Centralizes Redis client lifecycle management for Celery operations
Refactors worker initialization to remove redundant celery_settings parameter
Updates method names for consistency (lifespan → start_and_hold)

BONUS:

This PR fixes an issue that caused hanging tests. Now they complete in ~3m (btw. they always complete)

Related issue/s

fixes Celery worker not calling shutdown on Redis instance #8159

How to test

cd packages/celery-library
make tests

Dev-ops

codecov · 2025-08-20T08:54:48Z

Codecov Report

❌ Patch coverage is 30.76923% with 9 lines in your changes missing coverage.
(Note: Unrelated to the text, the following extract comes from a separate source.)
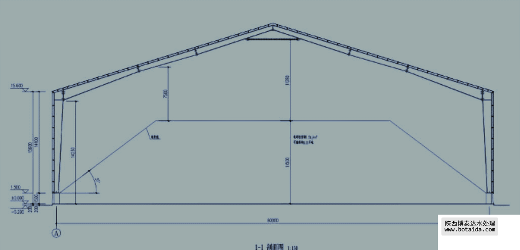 輔料堆棚項(xiàng)目長(zhǎng)約 40米,寬 24 米,高 9.6 米的料倉(cāng)。沿中心點(diǎn)兩側(cè)做兩條約 40 米長(zhǎng)的噴霧降塵點(diǎn),共計(jì)約 80 米。
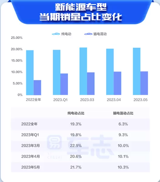 “易车志”聚焦解读5月乘用车市场,对外发布5月乘车市场运行报告(以下简称“报告”),数据来源于全国乘用车交强险新增上险量,根据报告显示:5月销量同环比双增,新能源占比仍在32%徘徊。同时,比亚迪发力,月销再破20万辆,自主品牌占比重回48%。但是乘用车市场下月同比或现大幅下降。

Please review.
✅ Project coverage is 86.70%. Comparing base (35e7048) to head (8125b5d).

Additional details and impacted files

@@            Coverage Diff             @@
##           master    #8237      +/-   ##
==========================================
- Coverage   88.03%   86.70%   -1.34%     
==========================================
  Files        1919     1449     -470     
  Lines       74341    59854   -14487     
  Branches     1305      682     -623     
==========================================
- Hits        65449    51894   -13555     
+ Misses       8499     7733     -766     
+ Partials      393      227     -166

Flag	Coverage Δ
integrationtests	`59.60% <ø> (-4.63%)`	⬇️
unittests	`86.29% <30.76%> (-0.39%)`	⬇️

Components	Coverage Δ
pkg_aws_library	`∅ <ø> (∅)`
pkg_celery_library	`85.20% <100.00%> (-2.18%)`	⬇️
pkg_dask_task_models_library	`∅ <ø> (∅)`
pkg_models_library	`∅ <ø> (∅)`
pkg_notifications_library	`∅ <ø> (∅)`
pkg_postgres_database	`∅ <ø> (∅)`
pkg_service_integration	`∅ <ø> (∅)`
pkg_service_library	`72.37% <0.00%> (+0.02%)`	⬆️
pkg_settings_library	`∅ <ø> (∅)`
pkg_simcore_sdk	`65.29% <ø> (-19.75%)`	⬇️
agent	`93.53% <ø> (ø)`
api_server	`92.84% <ø> (ø)`
autoscaling	`95.89% <ø> (ø)`
catalog	`92.34% <ø> (ø)`
clusters_keeper	`99.13% <ø> (ø)`
dask_sidecar	`92.37% <ø> (+0.56%)`	⬆️
datcore_adapter	`97.94% <ø> (ø)`
director	`75.81% <ø> (ø)`
director_v2	`85.40% <ø> (-5.52%)`	⬇️
dynamic_scheduler	`96.27% <ø> (ø)`
dynamic_sidecar	`89.19% <ø> (-0.91%)`	⬇️
efs_guardian	`89.62% <ø> (ø)`
invitations	`91.44% <ø> (ø)`
payments	`92.61% <ø> (ø)`
resource_usage_tracker	`92.13% <ø> (+0.21%)`	⬆️
storage	`∅ <ø> (∅)`
webclient	`∅ <ø> (∅)`
webserver	`88.10% <ø> (-0.04%)`	⬇️

Continue to review full report in Codecov by Sentry.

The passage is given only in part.